Il y a donc là un véritable processus de « marchandisation d’un trouble », qui suppose au préalable la reconnaissance, la mobilisation et la réglementation des pouvoirs publics, afin de créer un véritable marché régulé aux bénéfices des prestataires « validés »
Dès lors, il faut pouvoir admettre que certaines conditions socio-historiques particulières ont pu contribuer à rendre « désirables » - aussi paradoxal que cela puisse paraitre- certains diagnostics, et en particulier celui d’autisme.
Car, outre les enjeux identitaires, les représentations collectives et les significations imaginaires qui investissent tel ou tel trouble, avec telle ou telle valence, il convient aussi d’appréhender des réalités très concrètes.
Par exemple, voici ce que peut évoquer le Pr Laurent Mottron à propos du l’augmentation massive de la prévalence de l’autisme : « la nature des outils diagnostics, l’obtention de services scolaires uniquement en fonction d’un diagnostic, l’existence de classes spéciales pour cette condition, la recherche d’un diagnostic ciblé plutôt que de tous les diagnostics possiblement présents chez un enfant sans hypothèse préalable, contribuent également à une augmentation artificielle des diagnostics d’autisme » à travers des critères diagnostiques « devenus triviaux ».
Ainsi, « les écoles feraient pression sur les médecins pour obtenir le diagnostic d'autisme qui débloquera les budgets dont elles auraient besoin pour offrir des services à cet enfant « autiste » ». Dès lors, on peut désormais comprendre que des parents « pleurent quand on enlève un diagnostic d'autisme » …

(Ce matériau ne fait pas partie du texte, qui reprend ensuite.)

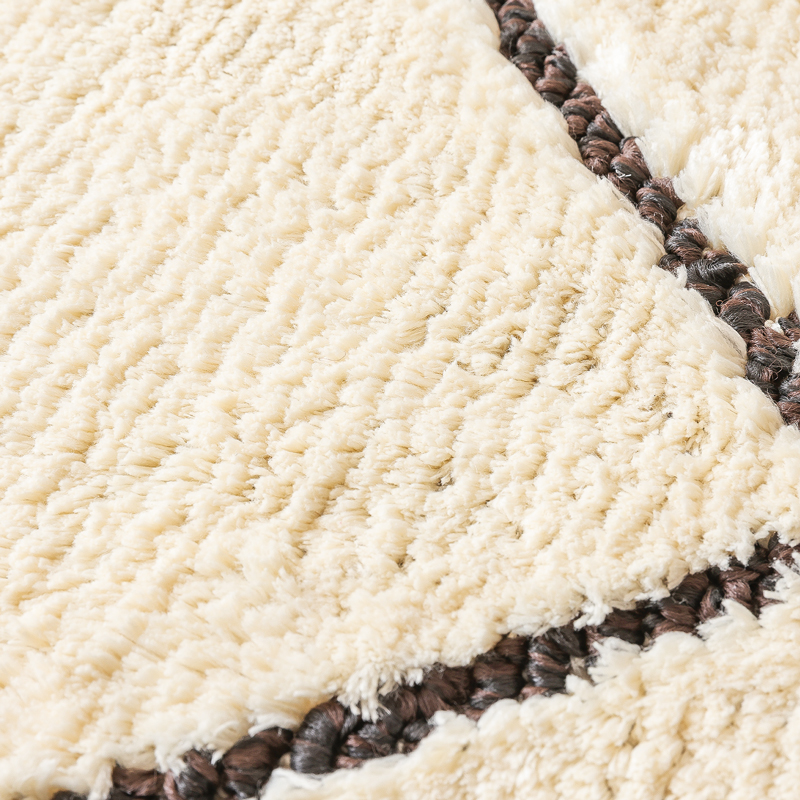 そこに、表面に小さな輪っかの並んだ「ループパイル」を組み合わせることで、弾力感がプラスされ、耐久性の高いラグマットが出来上がるのです。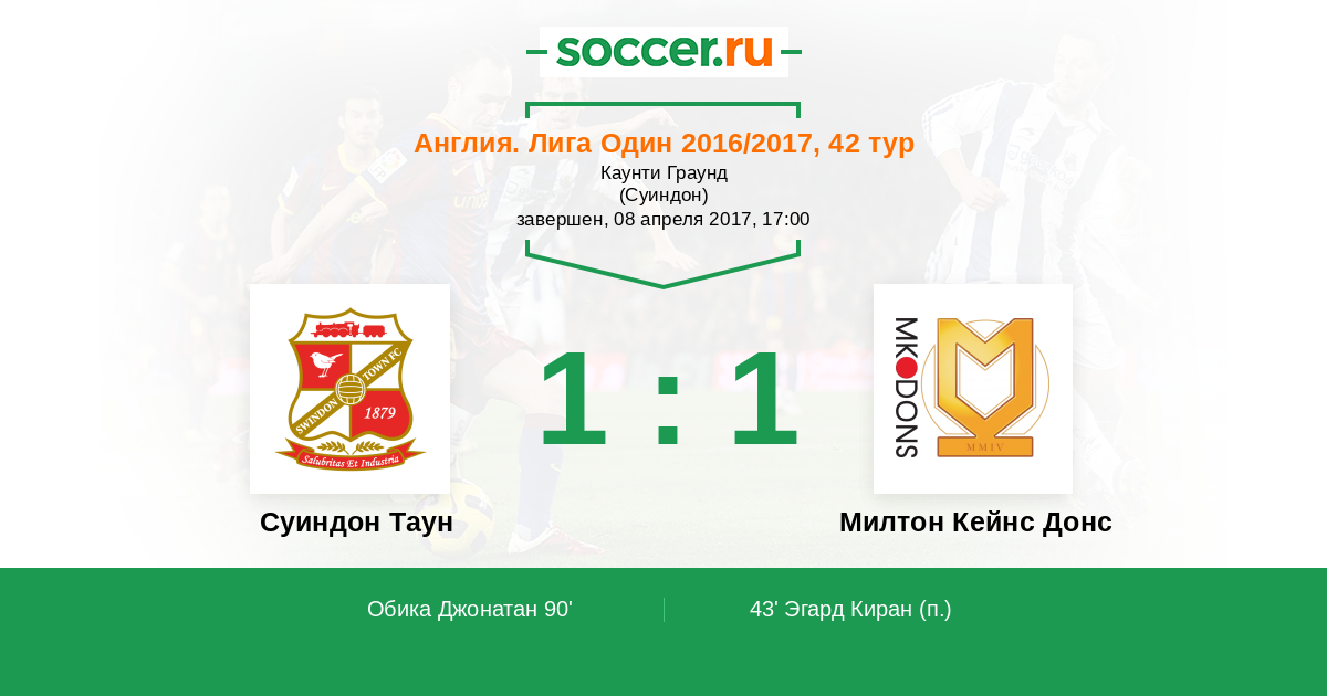 | Суиндон Таун | Милтон Кейнс Донс | |

A l’évidence, la médicalisation et la problématisation d’un trouble infantile « hégémonique » supposent au préalable un travail de marketing, des stratégies de lobbying et l’allocation de financements, tant au niveau des organismes de recherche en vue de publications, que des relais de vulgarisation et de formation, mais aussi des instances politiques à même de « réorienter » les pratiques de terrain – par exemple, le 11 décembre 1996, la « loi Chossy » était promulguée en France pour garantir un accompagnement spécifique des autistes, et reconnaître l’autisme en tant que « handicap » ; et en 2016, une proposition de loi déposée par le député Fasquelle et soutenue par près d'une centaine de députés Les Républicains avait cherché à interdire toute pratique psychanalytique dans le traitement de l'autisme.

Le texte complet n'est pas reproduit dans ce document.